All that day he went over and over every second of their time together. He thought of every moment, every word, every touch.

By the time Toby returned, Graydon was frantic with worry. He planned to politely ask her to go upstairs with him so they could talk in private.

But that’s not what happened. Instead, when he saw her, all courtesy, all reserve, fell away and he grabbed her in his arms. It seemed to be months since he’d touched her and he couldn’t get enough. He didn’t know what he would have done if Daire hadn’t dropped a pile of books onto the hard floor. The resulting boom had startled him enough to let up on his grip of Toby.

Graydon had stepped back to look at the faces of everyone. Lorcan was shocked, Daire was disgusted, and Toby wa

s looking at him as though she’d never seen him before. That was when he realized that she remembered nothing of their time together.

In the following week he’d done everything he could to make her remember. He’d searched the Internet until he found music such as he’d heard that night. He cooked food like he’d eaten, then retold the story of Tabby and Silas Osborne and said how much better it would have been if she’d married Garrett Kingsley. He recited bits of dialogue. He sketched people and scenes, including the wedding ceremony, and showed them to Toby. He’d even asked her to walk to the same church with him, but the sight of it brought back no memories. Nor did a visit to Kingsley House. The only obstacle he encountered was when he tried to get her to go inside BEYOND TIME with him. She refused to step a foot inside.

But it didn’t matter because she remembered nothing. She looked at, listened to, tasted all that he offered, but nothing jogged her memory.

By the end of the week, Graydon began to think that it had indeed been a dream.

By the weekend, he was beginning to settle down and he could joke with Toby about all that Victoria was giving her to do.

On Saturday afternoon Jared stopped by to tell them he and Alix were leaving, but Graydon was the only one home. Daire, Lorcan, and Toby had gone on a sailing tour around the island. Daire had never been on a boat before, and the women had teased him about whether a whale would come up under the boat and turn it over. “I hear they swallow people,” Toby said, straight-faced. “It’s their revenge for all that harpooning.”

Lorcan had been on a boat only once before but she joined Toby in the teasing. Graydon had to remain behind because some American businessmen wanted to talk about possibly opening a shoe factory in Lanconia. Graydon had done all the preliminary work with them and had to be there to answer their questions, through Rory, about water, materials, and labor.

Jared’s knock came just as Graydon had finished the fourth call with his brother, and it was a welcome relief. “Alix and I have to get back to New York,” Jared said, “and I wanted to see if everything here was all right.” He was looking Graydon up and down, as though he was trying to figure out what he was still doing in Nantucket and if he was intentionally trying to break Toby’s heart.

Graydon offered Jared a beer, and they took the drinks outside. “How are you and Toby doing?” Jared asked bluntly.

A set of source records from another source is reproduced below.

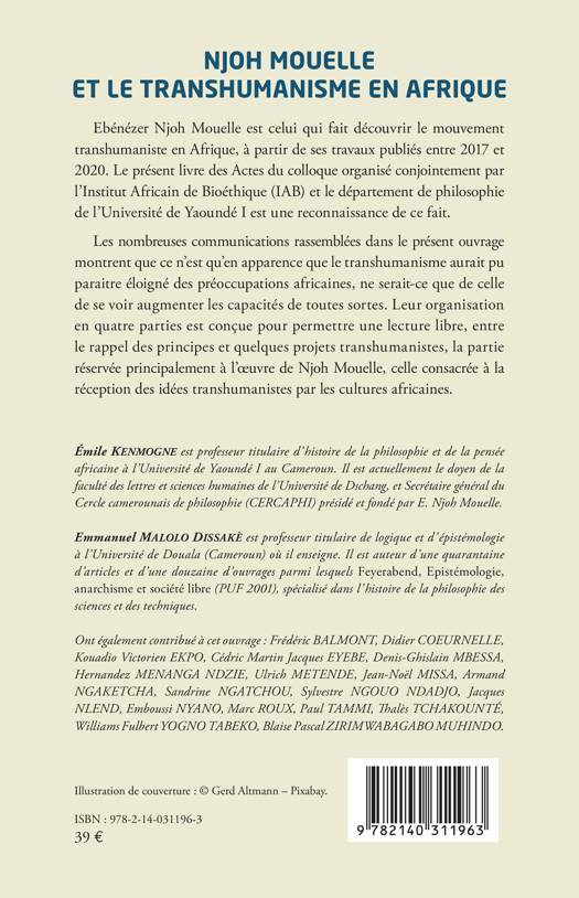 Ebénézer NJOH MOUELLE est celui qui fait découvrir le mouvement transhumaniste en Afrique, à partir de ses travaux publiés entre 2017 et 2020. Le présent livre des Actes du colloque organisé conjointement par l'Institut Africain de Bioéthique (IAB) et le département de philosophie de l'Université de Yaoundé I est une reconnaissance de ce fait. Les nombreuses communications rassemblées dans le présent ouvrage montrent que ce n'est qu'en apparence que le transhumanisme aurait pu paraitre éloigné des préoccupations africaines, ne serait-ce que de celle de se voir augmenter les capacités de toutes sortes. Leur organisation en quatre parties est conçue pour permettre une lecture libre, entre le rappel des principes et quelques projets transhumanistes, la partie réservée principalement à l'oeuvre de NJOH MOUELLE, celle consacrée à la réception des idées transhumanistes par les cultures africaines.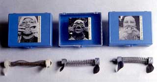 One of my favourite (although since i left my boring work i don’t feel the need to buy one anymore) is the Flux Smile Machine that George Maciunas (one of the original Fluxus artists) ideated in 1972. This kind of gag forces you to smile or rather to makes an awful grimace, “making it an atavistic and threatening gesture directed against bourgeois society.”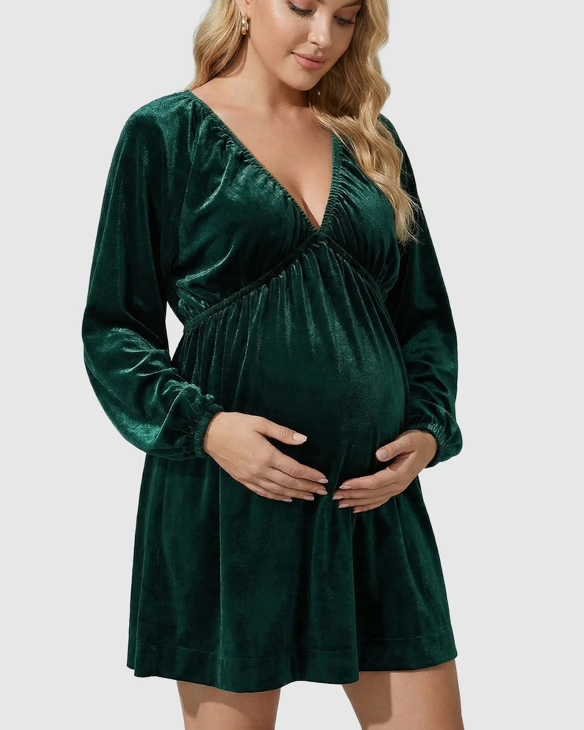 This trendy Vneck velvet babydoll mini dress flows over your bump with a flattering high waist and soft lantern sleeves that move with you, not against you.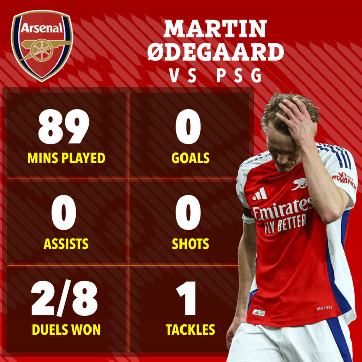 In second half injury time, losing 1-0 to Paris Saint-Germain in last night’s Champions League semi-final first leg, Odegaard was subbed off by Mikel Arteta for 18-year-old Ethan Nwaneri, having completed just 20 of 23 attempted passes and created one chance.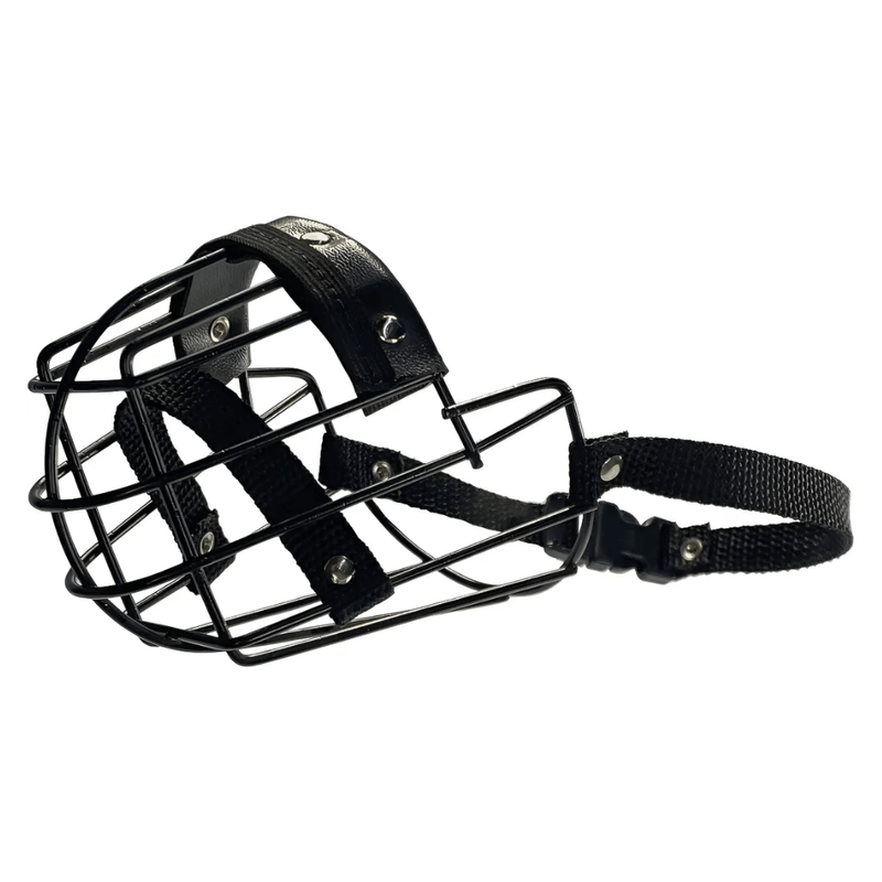 É feita de metal, polipropileno e nylon. Possui design em grade, o que a torna totalmente ventilada e confortável para o animal de estimação. Tem fivelas e alças ajustáveis para garantir um ajuste seguro e confortável. É um item de segurança recomendado para evitar que o cão morda durante passeios em público ou visitas ao veterinário.

“Great. I’m in love with her but she thinks I’m the best girlfriend she’s ever had. She asks me about wedding dress designs and whether I like yellow roses or pink ones better. I’ve kissed her but she tells me to behave myself.”

“Yeah?” Jared asked and his face began to relax a bit.

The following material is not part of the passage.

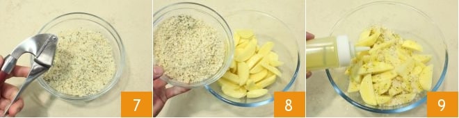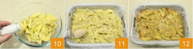 du sel 10 et du poivre selon votre goût. Mélangez les quartiers de pommes de terre et versez-les dans un plat recouvert de papier sulfurisé préalablement humidifié puis bien essoré afin qu'il adhère mieux au plat, enfin recouvrez les pommes de terre avec une cuillère de chapelure 11. Faites cuire les pommes de terre sablées dans un four statique à 180°C pendant 40 minutes (160°C dans un four ventilé pendant 30 minutes), puis passez-les au gril pendant 5 minutes. À la fin de la cuisson, vos pommes de terre sablées seront dorées et croustillantes 12, sortez-les du four et laissez-les tiédir avant de les servir.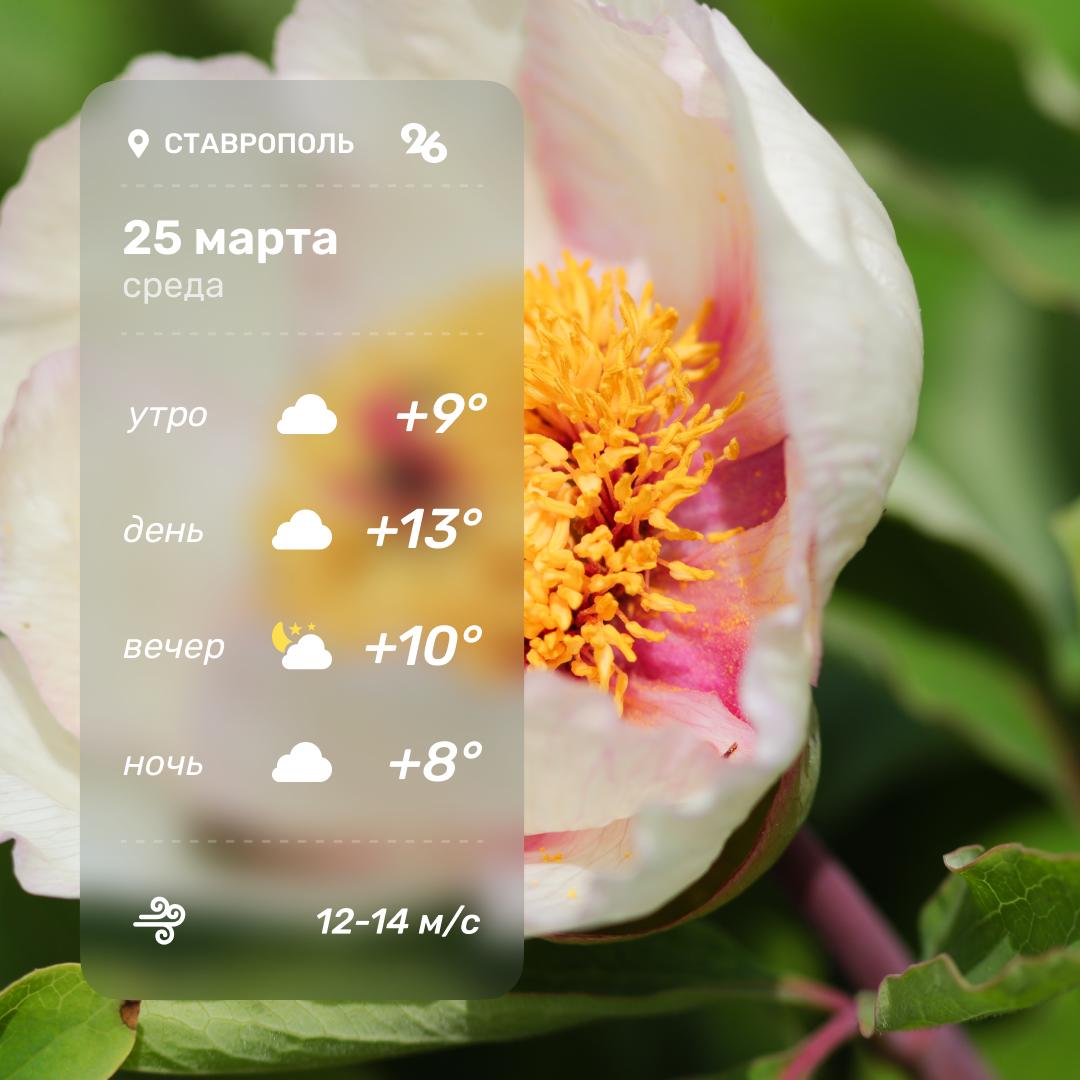 Ветер восточный 6-11 м/с, порывы 12-14 м/с. В среду, 25 марта, температура воздуха по краю ночью +4...+9°, днём +12...+17°.В Ставрополе без существенных осадков, утром туман...

“When we leave I think all three of us Lanconians are going to be crying, but Toby will be glad to get her house back.”

Smiling, Jared drank from his beer.

Graydon knew that what he was saying wasn’t fully the truth, but it wasn’t exactly a lie either. Maybe he was just voicing what he’d been feeling in the last few days.

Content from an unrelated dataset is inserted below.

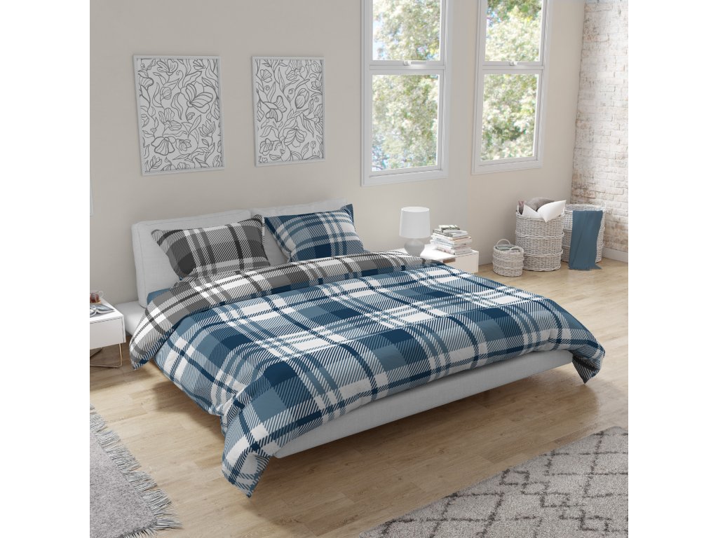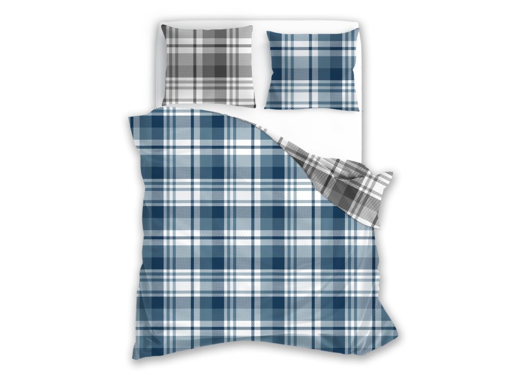 Flanelové povlečení 140x200 + 70x90 cm - Modrá kostka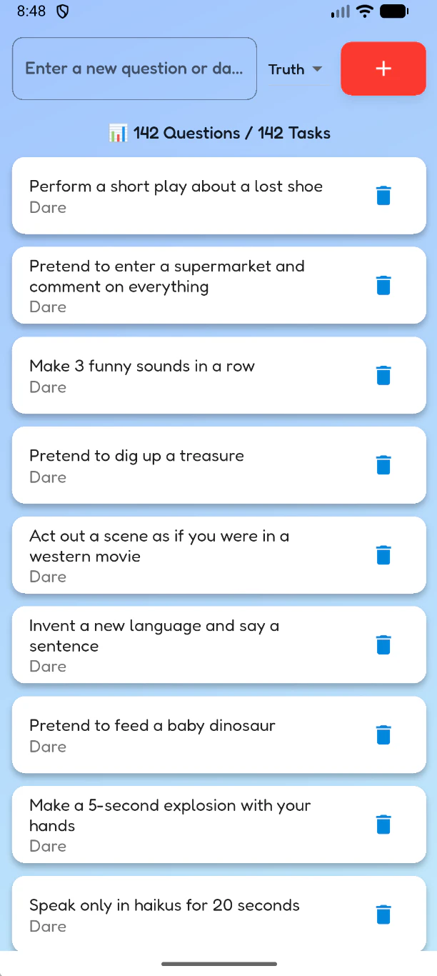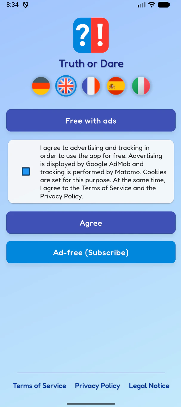 π TRUTH OR DARE β the only OFFLINE party app with ZERO tracking! Spin the wheel, pick π― βTruthβ or βDareβ and laugh out loud with friends, couples or the whole party. β’ 284 built-in cards β’ π UNLIMITED custom questions & dares β’ 100 % privacy-friendly β Premium = ad-free & tracking-free HIGHLIGHTS π 5 languages in ONE app (EN, DE, ES, FR, IT) β switch in 1 tap π‘οΈ ZERO Google-Analytics, ZERO cookies (Premium)

“You leave when?” Jared asked.

Graydon winced at his cousin’s tone. He wasn’t used to people trying to get rid of him. “Week and a half,” he said.

Jared didn’t say “Good,” but his eyes did.

As they went back into the house, Graydon suddenly remembered talking to young Alix—Ali—about her house designs. “Is there a portrait in your house of a young woman, about twenty-three, possibly in a large, heavy frame?”

“Yeah, there is. It’s one of the pictures in the attic. My grandfather wanted it hung downstairs, but all the women said the frame was big and ugly so it stayed hidden away. How do you know about it?”